Trail Blazing

Let’s make something clear- the Trinity River Audubon Center has a lot of forest land. To give you an idea, I’ll tell you a little about my experience designing my project.

Jewel Lipps and Shannon Hart working at the Trinity River Audubon Center

Jewel Lipps and Shannon Hart working at the Trinity River Audubon Center

I spent months on background research, just reading forestry and ecology studies in order to develop a method appropriate for the TRAC forest area. There’s surprisingly many ways someone can study a forest! It’s not scientific (or smart) to wander into the woods aimlessly, so researchers randomly sample the area.

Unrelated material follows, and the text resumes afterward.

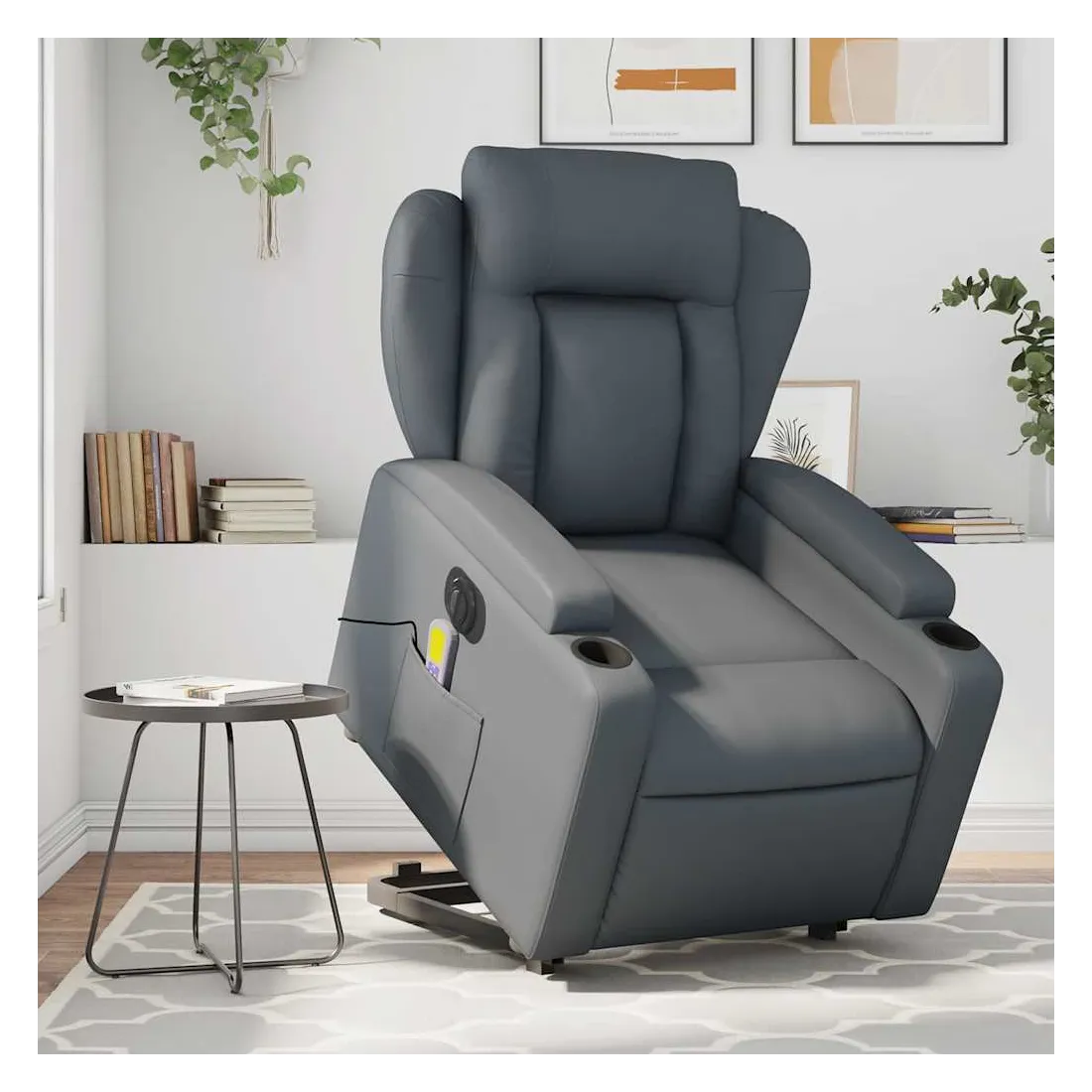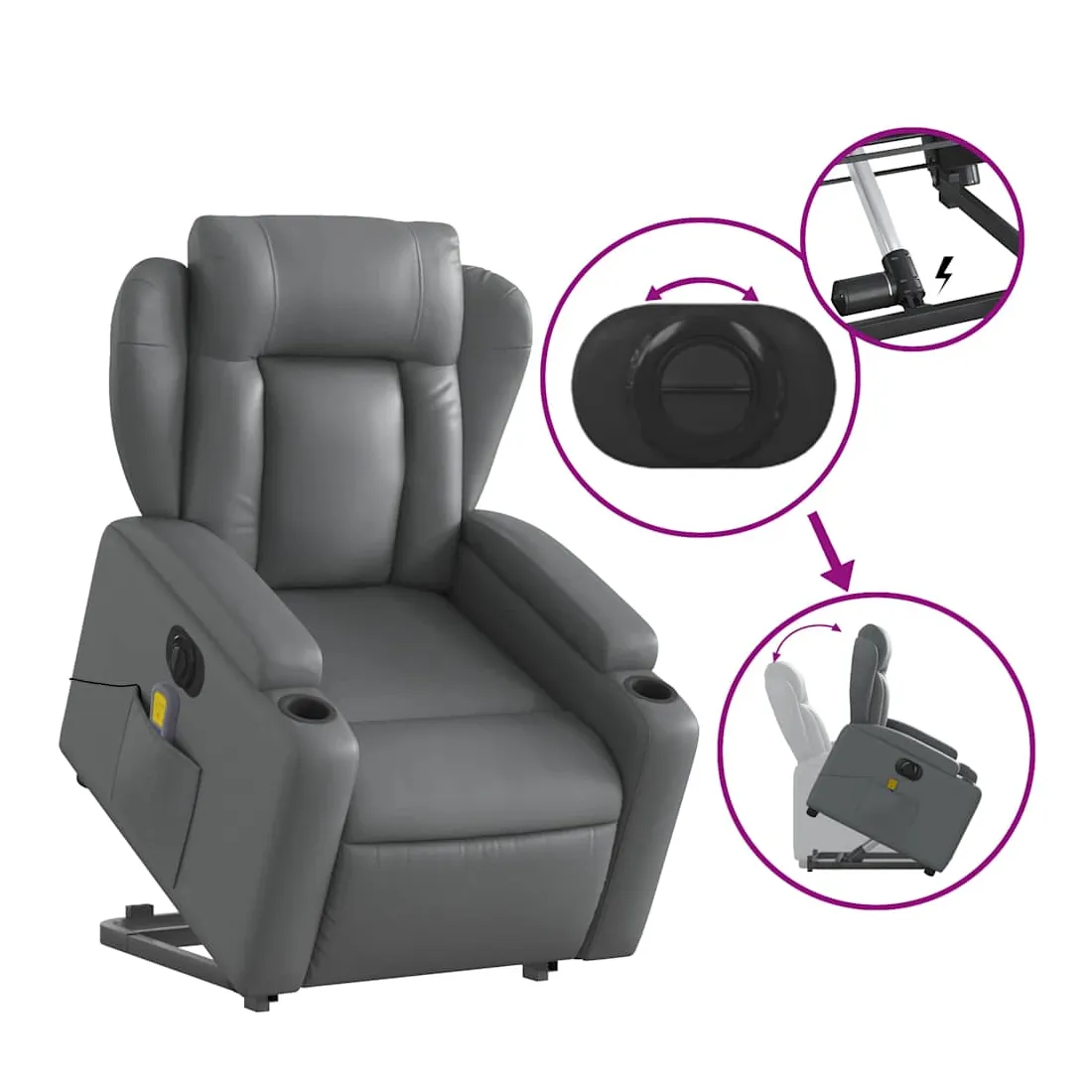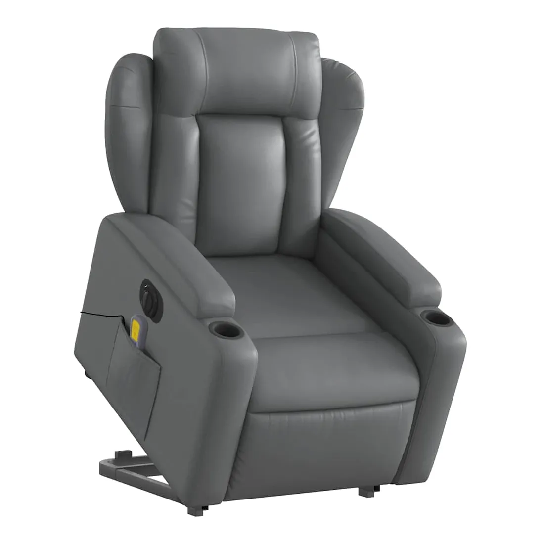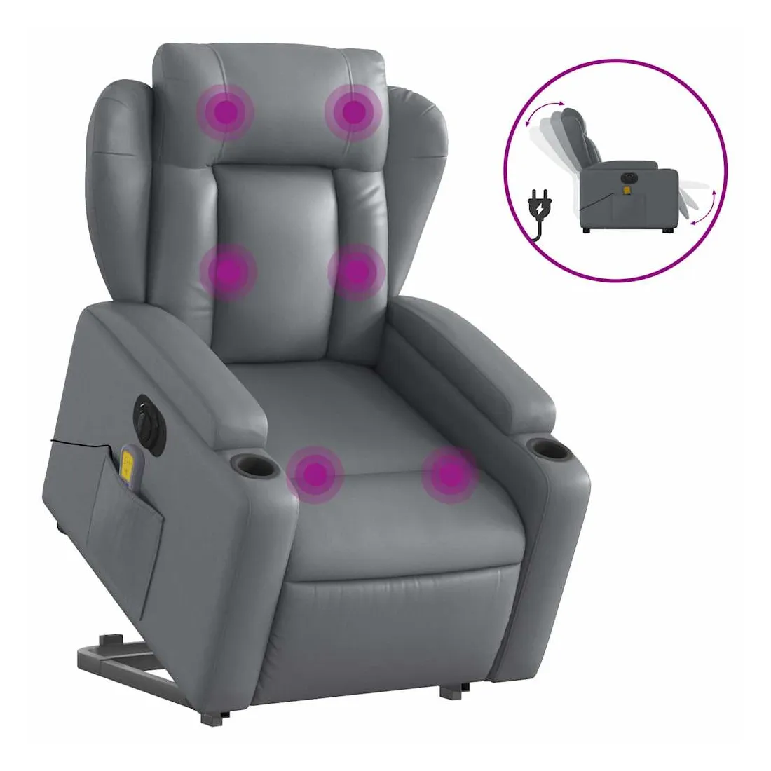 Asseyez-vous et détendez-vous dans ce fauteuil inclinable de massage électrique très confortable ! Fonction de levage électrique : ce fauteuil inclinable pour personnes âgées est équipé d'un moteur électrique pour la fonction de levage. Grâce à la fonction qui pousse toute la chaise vers le haut, vous pouvez facilement vous tenir debout sans stresser votre dos et vos genoux en appuyant simplement sur le bouton.Fonction d'inclinaison électrique : ce fauteuil inclinable est également équipé d'un moteur électrique qui permet de régler automatiquement le repose-pied et le dossier dans n'importe quelle position, selon votre confort, en appuyant simplement sur le bouton situé sur le côté du fauteuil. Cette fonction permet une inclinaison maximale de 135 degrés. En outre, le dossier peut revenir automatiquement à sa position d'origine par une simple pression sur le bouton.Fonction de vibration : les 6 points de massage vous permettent de faire l'expérience d'un massage mieux ciblé. De plus, la télécommande incluse vous permet de choisir différents programmes de massage. La fonction de massage est alimentée par le connecteur USB qui nécessite une source d'alimentation USB certifiée de 5 V (non fournie).Expérience de siège confortable : le siège, le dossier et les larges accoudoirs rembourrés épais recouverts de similicuir procurent une sensation confortable, vous faisant vous sentir enlacé lorsque vous êtes assis. Le similicuir est un matériau très résistant. Il est résistant aux taches, ce qui le rend facile à nettoyer avec un chiffon humide. La surface lisse donne également un aspect luxueux et la beauté du cuir véritable.Porte-gobelets et poche latérale pratiques : ce fauteuil dispose de deux porte-gobelets pratiques pour vos boissons et d'une poche latérale pour garder vos objets essentiels à portée de main.Cadre solide et stable : le cadre en bois et en métal offre une structure solide et une grande stabilité. Ce fauteuil inclinable est confortable et durable.

I decided to have 28 sample plots. They are each 100 square meters. I will be identifying and measuring every tree in a total 2800 square meters of forest. For a really loose approximation, that’s the area of just over half of a football field- but totally filled with trees!

My total area sampled is only about 1% of the forest at the Trinity River Audubon Center…

…and the Trinity River Audubon Center is maybe 0.01% of the Great Trinity Forest. Maybe.

Anyone feeling adventurous? There’s a lot to explore!

Something else I want to make clear- there are no trails, no signs, and no easy way to get to my randomly selected sample plots. My fantastic field partner Shannon Hart weaves through the trees with me each time, creating our own path to discover the stories of the forest.